34 thoughts on “AMANDA Cleage

  1. This was such a great read this morning…I find your historic information always interesting, and going back to see what you said in the past is like a gold mine. Thank you for doing an excellent job, and providing the facts with your own interests as well. You give me hope that doing genealogical research is worth while.

    1. If we don’t tell their stories and keep them alive, who will?

      I enjoy your stories too, even though if I’m on my phone, I can’t comment.

    1. The pension file is over 100 pages long and I have 6 or more newspaper articles. All of them were a real help in being able to imagine her life. I could well still have it wrong though.

  2. There is something so very beautiful about that photo, her expression, the feathered church hat. Lovely.

  3. The actual voice, the actual words of a person, in this case, Amanda Cleage, never ceases to amaze me, as we hear her speaking to us over a century and more, and reaching back more than half a century to the days of enslavement. It is also wonderful that both Amanda and Abraham were brought to live in graveside reenactments. Congratulations on completing your first A-to-Z post!

    1. Yes, there is no substitute for having people speak for themselves. And it was a real thrill to have them brought to life. Even though it was much too far for me to go see them, two genealogy buddies did get to go see it.

  4. What a great story and follow up to past research. It is a tribute to your family that the historical society wants to bring Amanda and Abraham’s story to life with reenactment. I am working with an African-American woman who is tracing her line to a white Revolutionary War patriot for membership in DAR. You can guess where our stumbling blocks are. This post gives me ideas of where else to look.

    1. When I discovered those files with the depositions, I was amazed and thankful. The first one belonged to my grandmother’s uncle. I did the 2017 A-Z using that one file.

  5. In 2015 you wrote “It is likely that they took a train.” the extra details you have uncovered through the pension file are marvellous.

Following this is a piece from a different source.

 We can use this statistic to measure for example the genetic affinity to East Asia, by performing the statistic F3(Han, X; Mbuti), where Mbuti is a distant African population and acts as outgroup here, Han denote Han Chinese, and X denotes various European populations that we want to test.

  6. What a wonderful continuation for AtoZ 2019. Excellent writing and portrayal of the era and persons involved. The deposition is incredible as a historical document and account of life at the time. I look forward to more during this AtoZ 2019 challenge. I am adding you to my Blog Roll…don’t want to miss any of your posts. Thanks for stopping by so I could visit your blog.
    Sue at CollectInTexas Gal

    1. This was part of Amanda’s application for a pension from the U.S. government as the widow of a Civil War soldier. The files are a wonderful source of information. Neighbors and family members, sometimes members of the family that enslaved them give testimony about their lives. Abram’s and Amanda’s file contained more than 100 pages.

    1. Yes she did. And no fellow members of the plantation community came forward to caste doubt on the marriage. Abram had also talked about their marriage in his application for pension.

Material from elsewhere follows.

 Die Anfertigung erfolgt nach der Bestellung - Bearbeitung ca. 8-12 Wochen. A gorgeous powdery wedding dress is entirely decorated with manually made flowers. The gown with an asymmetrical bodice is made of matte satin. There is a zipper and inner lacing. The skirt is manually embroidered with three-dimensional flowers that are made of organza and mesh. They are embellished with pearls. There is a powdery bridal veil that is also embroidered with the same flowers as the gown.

  7. Kristin this post is truly amazing! It brings the hidden history of the McMinn County in which I live to stark reality! Thank you again and again for sharing with us this wonderful research!

  8. Really enjoyed reading about the collaboration, reenactment, and the Civil War Pension Files that give a glimpse into the lives of your ancestors in Tennessee. What’s remarkable is that the amount of detail contained in these pension files can still lead to reconnections in the present, even though the connections were missed after the war.

  9. What a wonderful post, Kristin! Pension files are so amazing; I so wish I had just one, somewhere in my own family history!
    Your yearly commitment to the A-Z project is so inspiring! Keep up the great writing!

    1. I never knew I had any among my ancestors until the past few years and I now have 2 – a great great uncle and my great grandmother’s step father.

  10. You are good, please help me! I’m stuck with my 4 x grandfather fought in the civil war under the last name Woods. After the war was over he changed it to Woodland. He was owned by Stanton, TN the city founder, he had one child a girl child. She married a rich Adams and her father passed so all of the slaves was hers. Every year they have a Dick Woodland day in Stanton, TN they call him the grandfather of Stanton, TN. He has a headstone that comes up to my waist.